▼

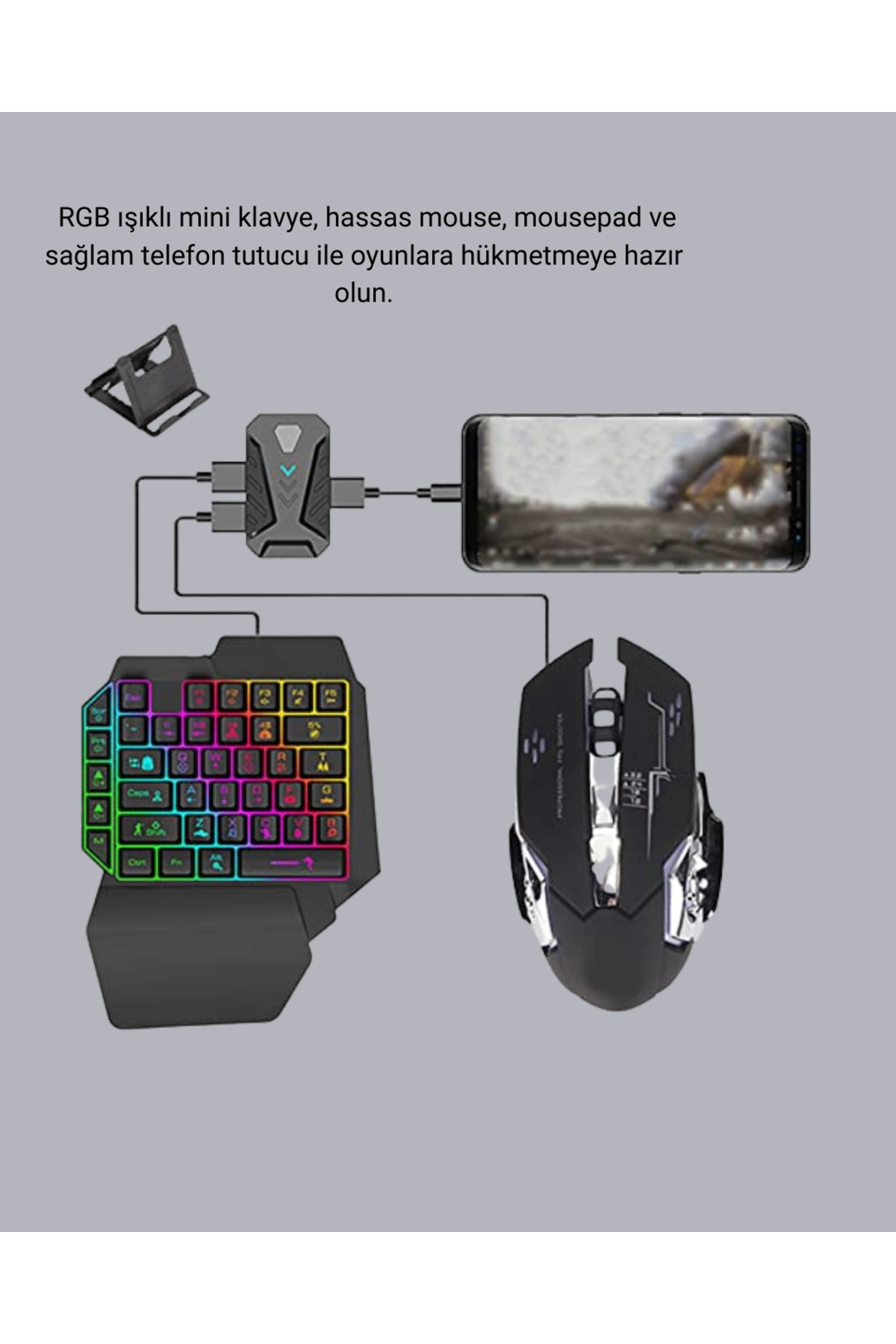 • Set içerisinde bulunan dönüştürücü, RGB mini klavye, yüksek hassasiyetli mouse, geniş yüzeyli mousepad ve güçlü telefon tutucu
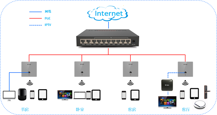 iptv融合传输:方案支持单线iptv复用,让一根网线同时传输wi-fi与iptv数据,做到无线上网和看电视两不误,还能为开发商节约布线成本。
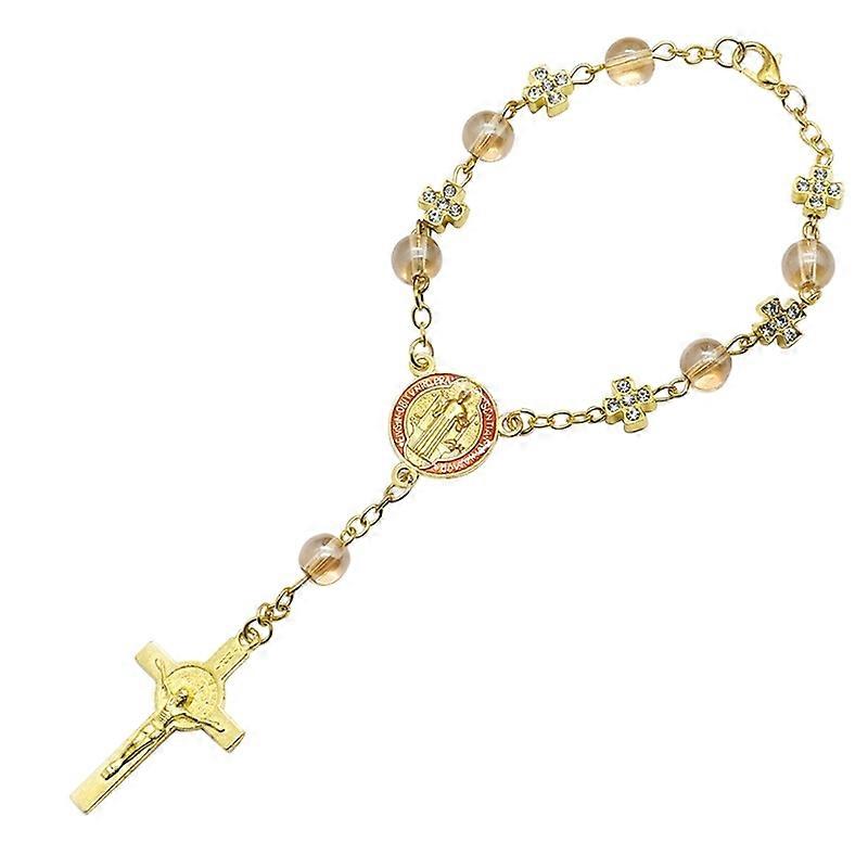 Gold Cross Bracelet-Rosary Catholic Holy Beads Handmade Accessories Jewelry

▲

• REQUIRED ACTION: Drop the pictures, then transcribe the lines from the one containing "iptv融合传输:方案支持单" to the end of the data above, exactly and nothing more.

• ANSWER BOX:
 iptv融合传输:方案支持单线iptv复用,让一根网线同时传输wi-fi与iptv数据,做到无线上网和看电视两不误,还能为开发商节约布线成本。
 Gold Cross Bracelet-Rosary Catholic Holy Beads Handmade Accessories Jewelry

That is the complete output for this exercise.